Lower power prices, renewable generation gains dominated 2015, FERC staff report

The burgeoning supply of natural gas in the U.S. and record gas storage levels produced lower gas prices and resulted in reduced wholesale power prices during 2015, with gas-fired generation exceeding coal-fired generation in output during seven months of 2015, FERC staff said March 17.

The gas price outlook for 2016 continues to point to low prices, with pipeline additions increasing the transportation network to bring shale gas supplies to market, FERC staff said in their presentation of the “State of the Markets Report” for 2015 at the March 17 FERC meeting.

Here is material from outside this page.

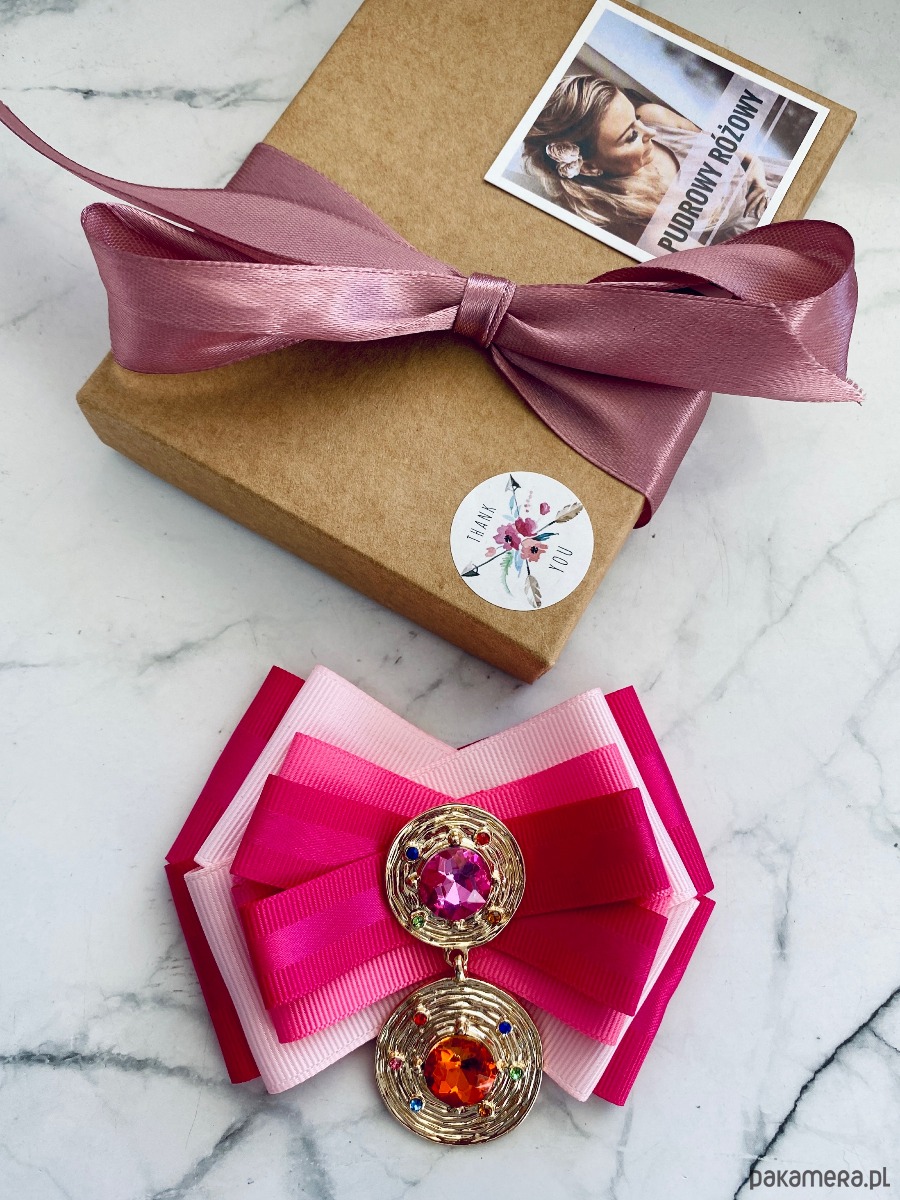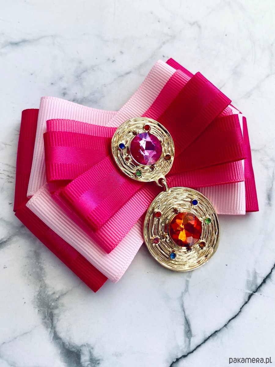 Broszka wykonana z wysokiej jakości taśm i dodatków.

The lower natural gas prices have driven some generation resources out of the market in ISO New England and PJM Interconnection, with coal and nuclear plants struggling for revenue, FERC staff said. Pressure from lower natural gas prices and environmental requirements have led to tightening power supplies in both regions, which has resulted in higher capacity prices in both markets.

The higher capacity prices have produced higher “all-in” costs in PJM, which include energy, capacity, transmission and ancillary services, to increase by 5% between 2013 and 2015, according to the presentation.

Commissioner Cheryl LaFleur asserted that ancillary services will become more important as renewable resources contribute more to the generation picture.

The Midcontinent ISO (MISO), California ISO (Cal-ISO) and Southwest Power Pool (SPP) saw significant gains in renewable power projects, with solar facilities making big in-roads in California and wind projects in MISO increasing to 15 GW in capacity in 2015 from 13.7 GW in 2014.

In November 2015, wind projects in MISO set a new hourly peak of 12.6 GW, or 5.8% higher than the 2014 peak, and 2,234 MW of wind capacity is expected to come online in MISO in 2016, pushing installed wind capacity beyond 17 GW by the start of 2017.

SPP also set a record for renewable generation in 2015, with output exceeding 2014 levels by 1.5 million MWh, FERC staff said.

Even with the gains in renewable resources, that slice of the generation “pie” is still relatively small, with wind generation from utility-scale facilities increasing from 4.1% in 2013 to 4.6% in 2015, FERC staff noted.

The developments illustrate how FERC will need to concentrate on certain regions, such as the plains states for wind power and southwest for solar power, as it examines integration of such resources and the impact they’ll have on the grid, Commissioner Tony Clark noted.

Hydropower production in the West was below historical averages in 2015, largely because of reduced snowpack and drought conditions, with net generation at 23 plants across the Pacific Northwest 18.4% lower than in 2014 and 6.9% below the 12-year average, FERC staff said.

Hydropower conditions in 2016 are improving, with snowpack conditions higher than last year and February production levels in line with historical averages, according to the presentation.